Supposons qu’un exportateur canadien vend 100 millions de dollars de produits de bois d’œuvre résineux aux États-Unis, au cours d’un trimestre donné, et qu’un taux de droits de 20 % s’applique à l’importateur, soit à l’unité fictive située aux États-Unis. L’exportateur canadien effectue alors un dépôt en espèces de 20 millions de dollars auprès du Service des douanes et de la protection des frontières des États-Unis par l’intermédiaire de l’unité fictive aux États-Unis (sortie d’investissement direct). L’unité fictive aux États-Unis établit par conséquent à la fois un compte à payer auprès de son exportateur canadien associé et une créance correspondante auprès du gouvernement des États-Unis équivalant à la valeur des droits.
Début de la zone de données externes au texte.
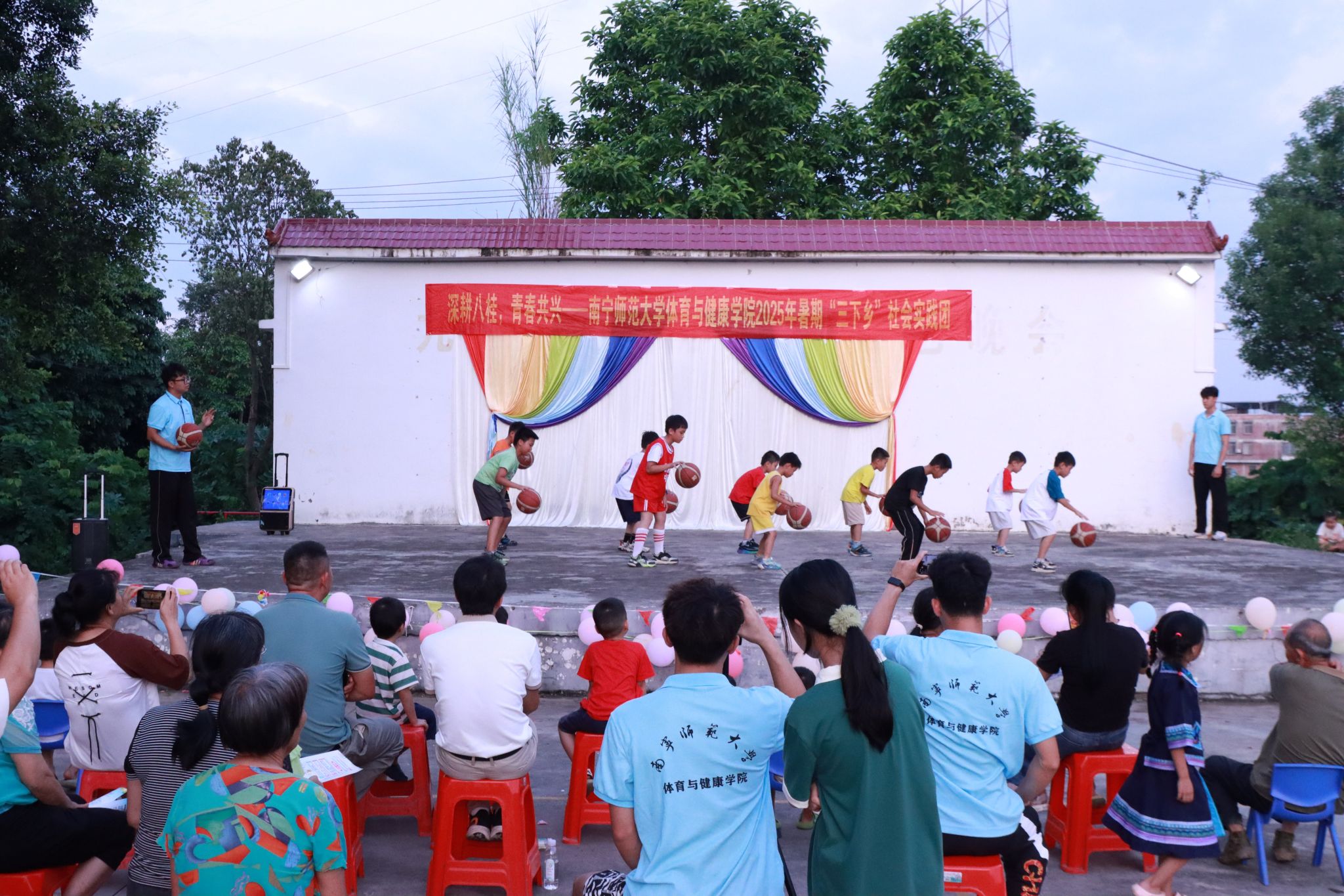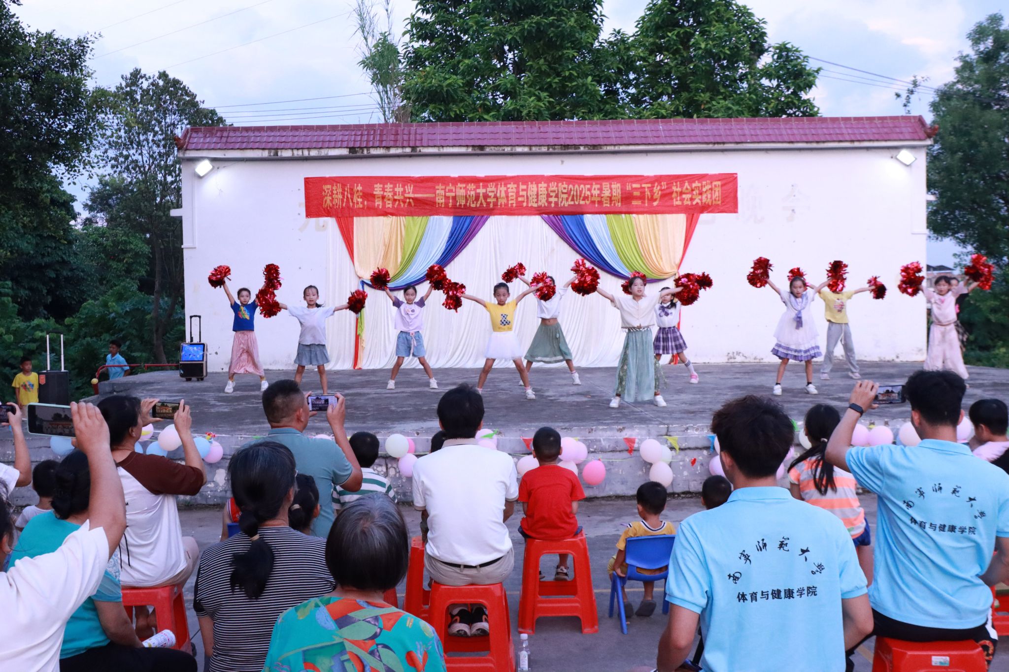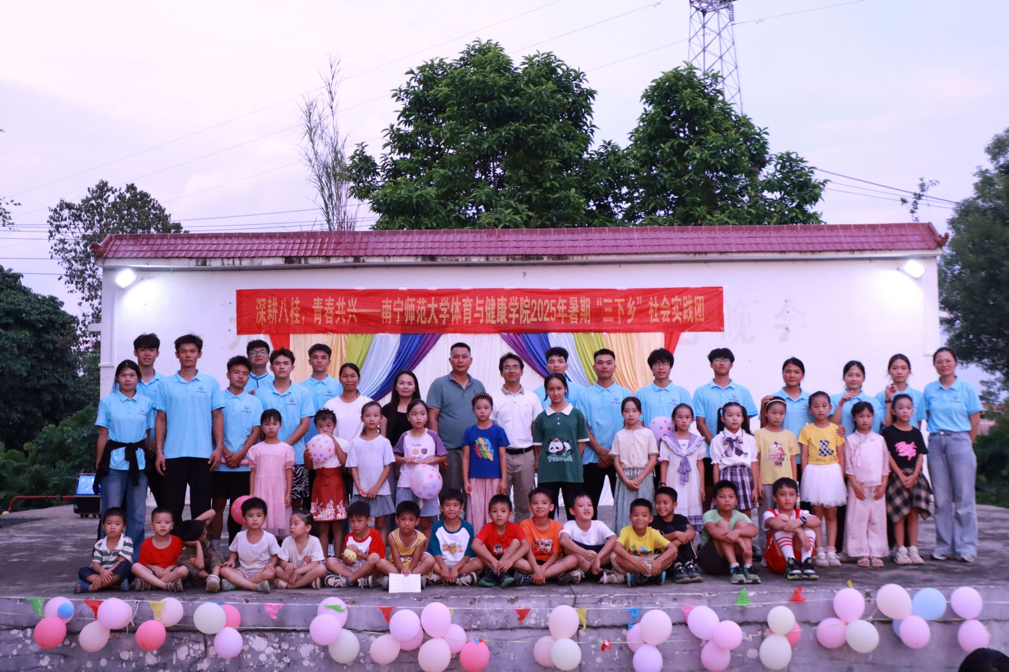 为助力乡村振兴,丰富乡村精神文化生活,7月20日,william威廉英国官网“体健赋能·壮韵九联”实践团在南宁市武鸣区九联村村委会广场开展暑期“三下乡”社会实践活动汇报演出。公司党委副书记陈军弟,团委书记农梦莲到场,由实践团队员伍南舟、马林主持,实践团全体队员和九联村小员工参加。
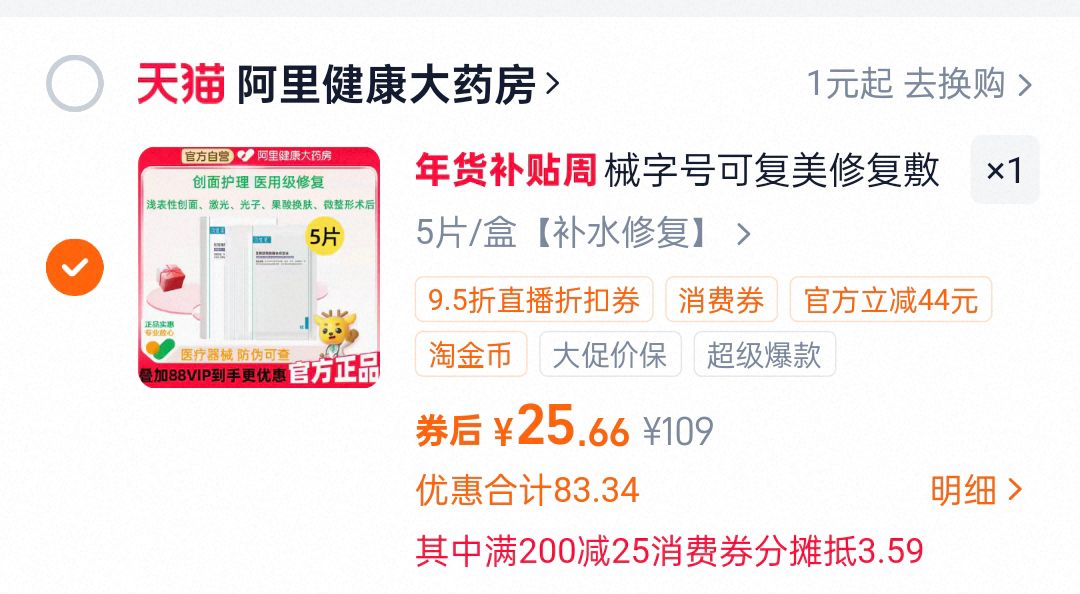 可复美面膜5片

Au premier trimestre de 2017, les opérations enregistrées dans la catégorie des investissements directs étrangers du relevé de la balance des paiements représentent les droits rétroactifs payés au cours de la période du 28 janvier au 31 mars. On s’attend à ce que ces montants augmentent au deuxième trimestre de 2017, lorsque tous les exportateurs devront payer les droits à compter du 28 avril 2017. La décision préalable du département du Commerce des États-Unis sur les droits antidumping prévue le 23 juin 2017 pourrait également augmenter ces valeurs.

Comptes des revenus et dépenses ainsi que du bilan national

Dans leurs rapports financiers, les entreprises exportatrices canadiennes inscriront soit directement les paiements comme dépenses auprès du Service des douanes et de la protection des frontières des États-Unis, soit elles créeront un compte de passif éventuel. Si l’entreprise canadienne déclare ces paiements comme des dépenses dans ses états financiers, cela se répercutera sur ses revenus.

Dans les comptes des revenus et dépenses, ces opérations ne seront pas traitées comme frais d’exploitation ou passif éventuel, mais plutôt comme actifs financiers, prêts et avances de créance des entreprises, conformément au traitement des comptes internationaux. Ces opérations n’auront donc aucune incidence sur les coûts ou revenus d’exploitation actuels et n’influeront pas sur la valeur ajoutée (PIB). Dans les comptes du bilan national du Canada cependant, un actif de prêts et avances de créance des entreprises sera créé en attendant la décision internationale.

Les renseignements enregistrés dans le Système canadien des comptes macroéconomiques seront mis à jour, et le traitement pourra être revu à mesure de la disponibilité de nouveaux détails sur la nature de ces opérations.